* _RECORDS FOR PROCESSING_
•••
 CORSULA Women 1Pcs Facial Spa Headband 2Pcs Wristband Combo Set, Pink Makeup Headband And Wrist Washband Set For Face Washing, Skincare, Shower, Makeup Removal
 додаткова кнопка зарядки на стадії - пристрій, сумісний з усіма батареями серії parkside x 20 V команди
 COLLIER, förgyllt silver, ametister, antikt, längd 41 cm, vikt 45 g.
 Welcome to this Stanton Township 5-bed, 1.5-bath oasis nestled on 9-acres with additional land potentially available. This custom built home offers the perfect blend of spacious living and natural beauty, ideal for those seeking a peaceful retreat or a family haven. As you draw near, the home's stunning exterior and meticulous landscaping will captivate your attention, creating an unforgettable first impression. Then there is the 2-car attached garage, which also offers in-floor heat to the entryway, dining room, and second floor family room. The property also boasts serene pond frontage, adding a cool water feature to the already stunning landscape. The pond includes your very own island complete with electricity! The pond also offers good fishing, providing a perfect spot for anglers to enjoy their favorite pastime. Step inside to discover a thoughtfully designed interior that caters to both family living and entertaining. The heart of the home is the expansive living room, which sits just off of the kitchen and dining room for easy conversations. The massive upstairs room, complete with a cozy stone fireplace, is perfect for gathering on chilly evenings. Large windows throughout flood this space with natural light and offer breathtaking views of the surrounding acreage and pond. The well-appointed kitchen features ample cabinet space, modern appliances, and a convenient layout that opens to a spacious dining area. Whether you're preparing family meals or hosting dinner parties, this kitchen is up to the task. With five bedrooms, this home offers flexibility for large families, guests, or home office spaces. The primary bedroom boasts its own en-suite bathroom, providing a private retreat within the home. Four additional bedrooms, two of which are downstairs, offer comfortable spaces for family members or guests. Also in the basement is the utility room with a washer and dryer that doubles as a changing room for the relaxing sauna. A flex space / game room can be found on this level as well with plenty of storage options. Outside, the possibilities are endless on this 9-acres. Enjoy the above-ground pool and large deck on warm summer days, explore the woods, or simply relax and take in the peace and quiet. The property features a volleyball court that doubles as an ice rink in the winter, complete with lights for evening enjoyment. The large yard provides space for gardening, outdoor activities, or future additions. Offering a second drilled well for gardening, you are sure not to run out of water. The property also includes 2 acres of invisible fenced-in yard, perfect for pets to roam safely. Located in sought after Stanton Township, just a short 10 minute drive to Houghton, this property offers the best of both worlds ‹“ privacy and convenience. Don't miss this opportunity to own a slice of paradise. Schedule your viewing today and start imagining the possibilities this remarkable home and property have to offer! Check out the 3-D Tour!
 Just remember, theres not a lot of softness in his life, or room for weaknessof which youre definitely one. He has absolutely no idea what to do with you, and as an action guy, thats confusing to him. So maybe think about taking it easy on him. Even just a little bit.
•••
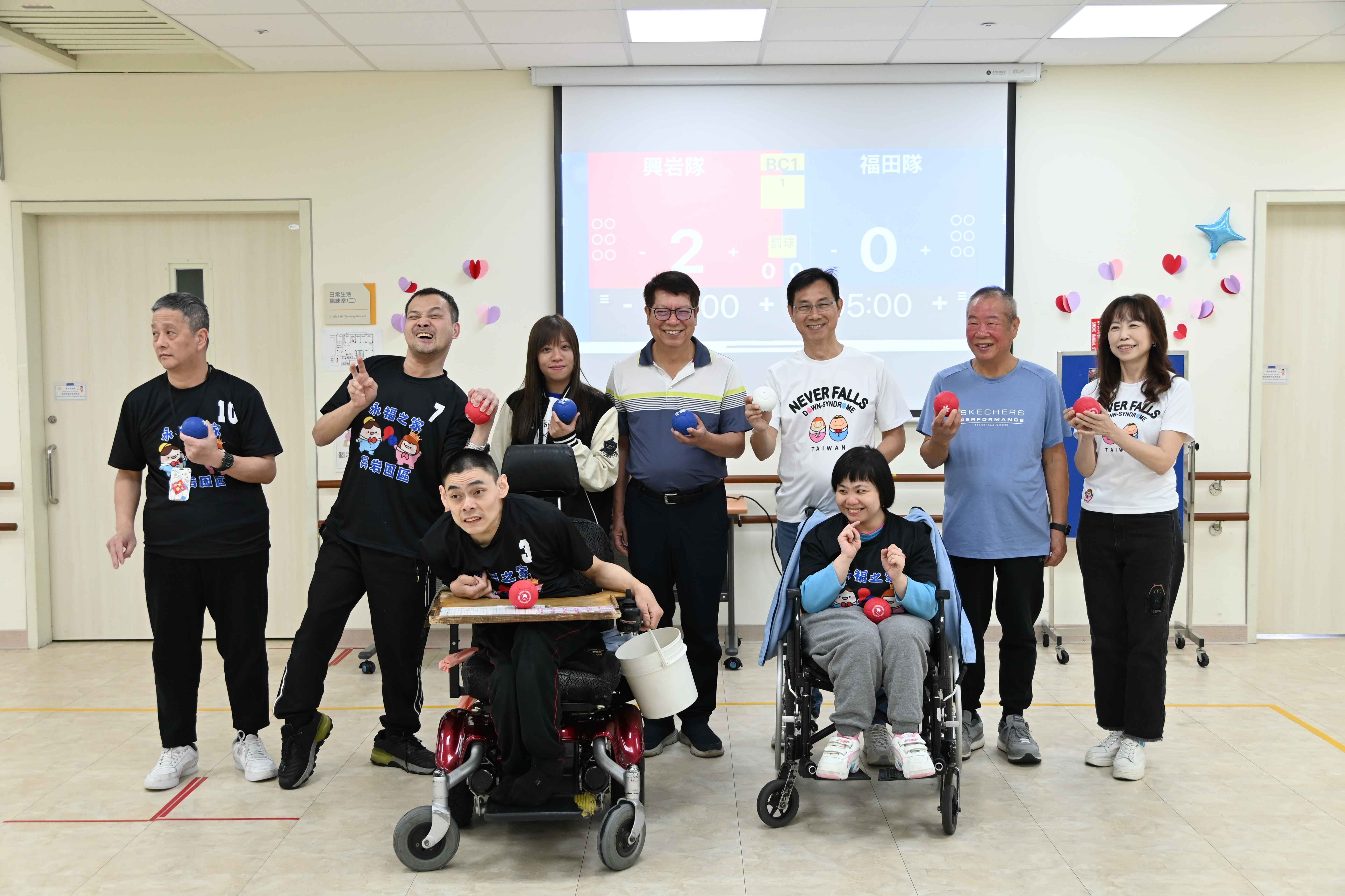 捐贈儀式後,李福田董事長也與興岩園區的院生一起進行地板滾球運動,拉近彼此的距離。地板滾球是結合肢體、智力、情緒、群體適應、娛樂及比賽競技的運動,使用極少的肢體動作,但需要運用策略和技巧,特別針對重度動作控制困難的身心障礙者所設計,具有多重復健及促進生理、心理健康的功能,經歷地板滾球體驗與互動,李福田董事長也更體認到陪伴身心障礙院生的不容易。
•••
* _WHAT TO DO_
Copy back the listing above exactly, but only from the line with "CORSULA Women 1Pcs" through the line with "COLLIER, förgyllt silver, ametister, antikt, längd", both ends included.

* _RESPONSE_
 CORSULA Women 1Pcs Facial Spa Headband 2Pcs Wristband Combo Set, Pink Makeup Headband And Wrist Washband Set For Face Washing, Skincare, Shower, Makeup Removal
 додаткова кнопка зарядки на стадії - пристрій, сумісний з усіма батареями серії parkside x 20 V команди
 COLLIER, förgyllt silver, ametister, antikt, längd 41 cm, vikt 45 g.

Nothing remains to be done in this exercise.